(Saved entries)

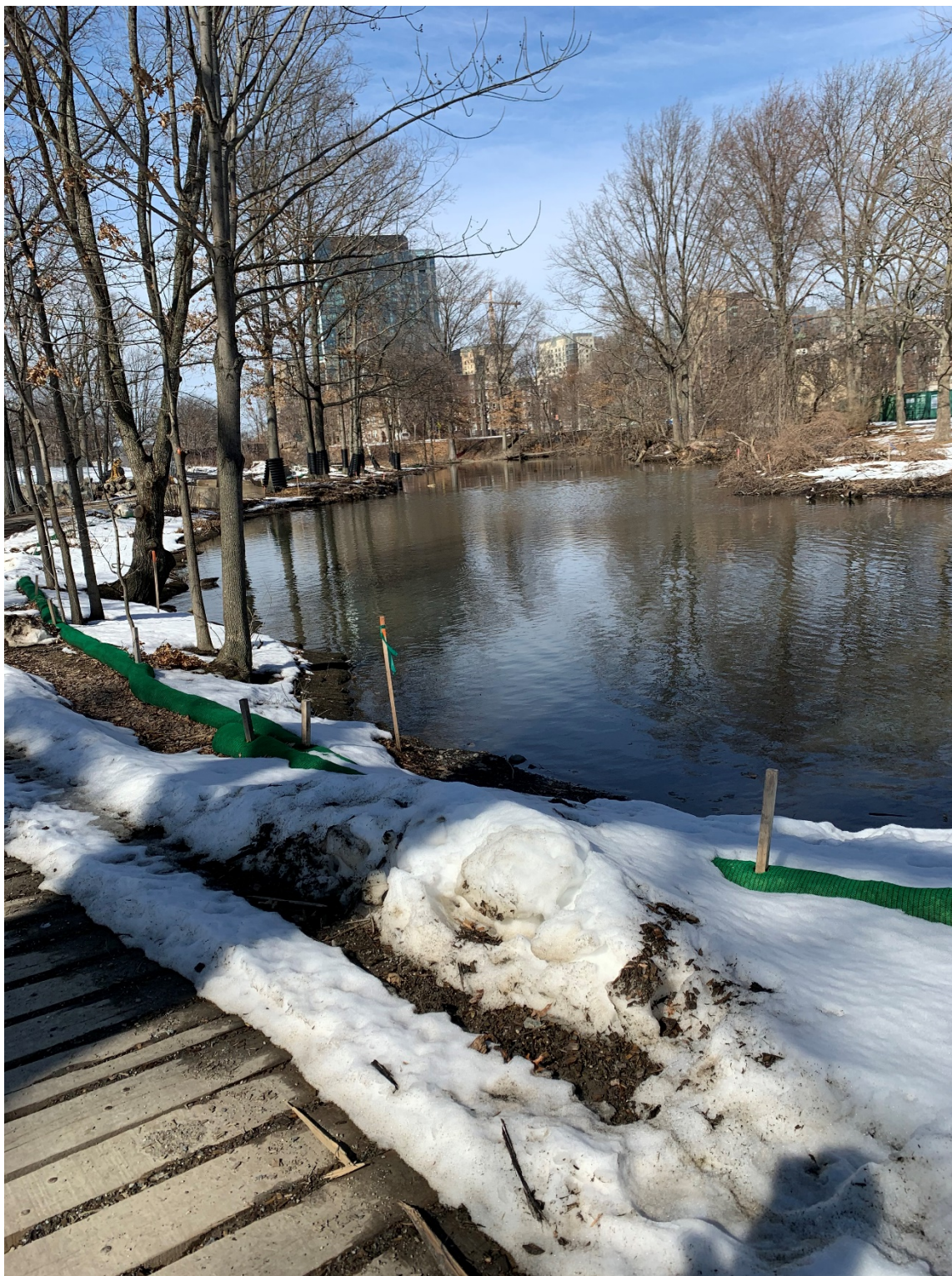
Work Area #7 (looking upstream to Avenue Louis Pasteur) – Dredging completed – sediment dredged from the river and temporary access road removed. Restoration and planting will begin on the banks in early April.
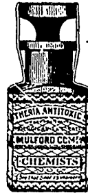
(Package most convenient; absolutely sterile.)
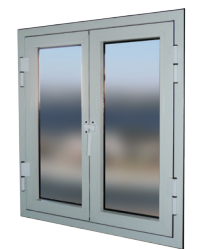
One Window Kit Included
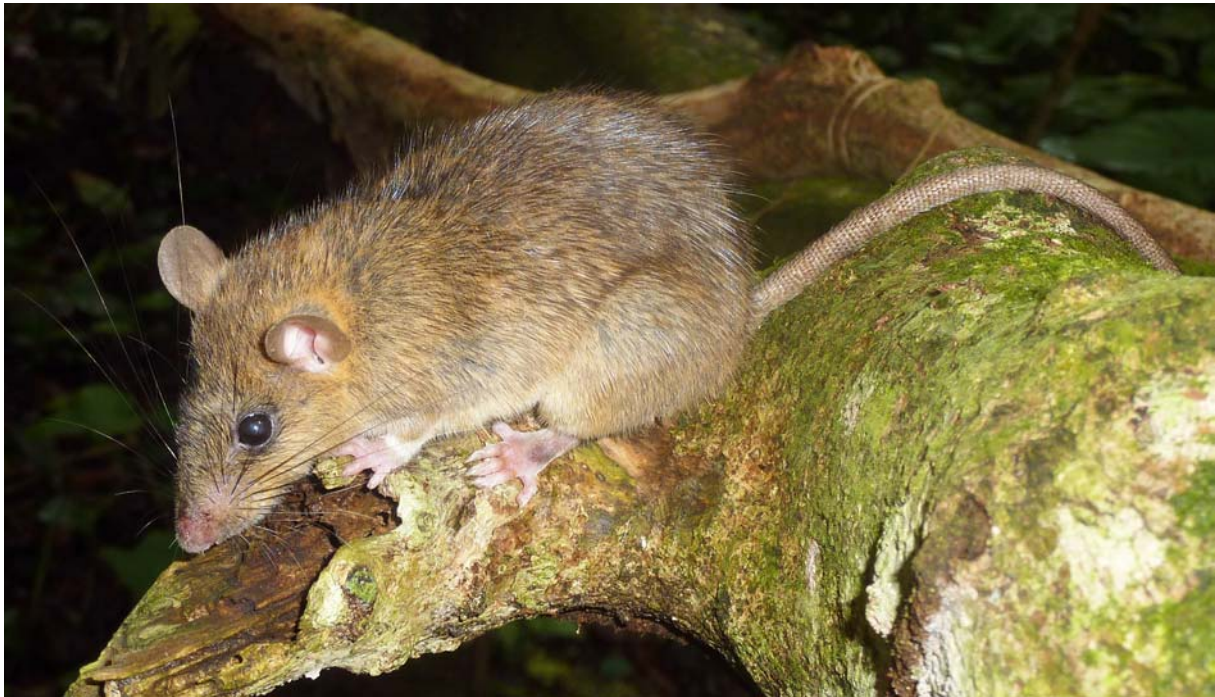
Fig. 6. Indomalayan niviventer Niviventer huang .
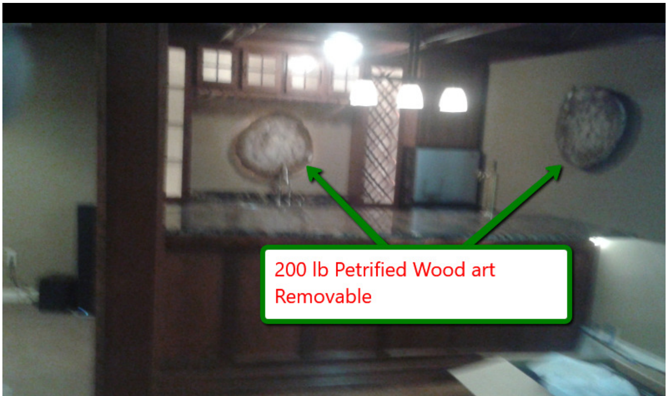
200 lb Petrified Wood art Removable

- Description of the task: Your copy must hold exactly the lines from the one with "Fig. 6. Indomalayan" to the end of the records above, both included, and no pictures.

- Task solution:
Fig. 6. Indomalayan niviventer Niviventer huang .
200 lb Petrified Wood art Removable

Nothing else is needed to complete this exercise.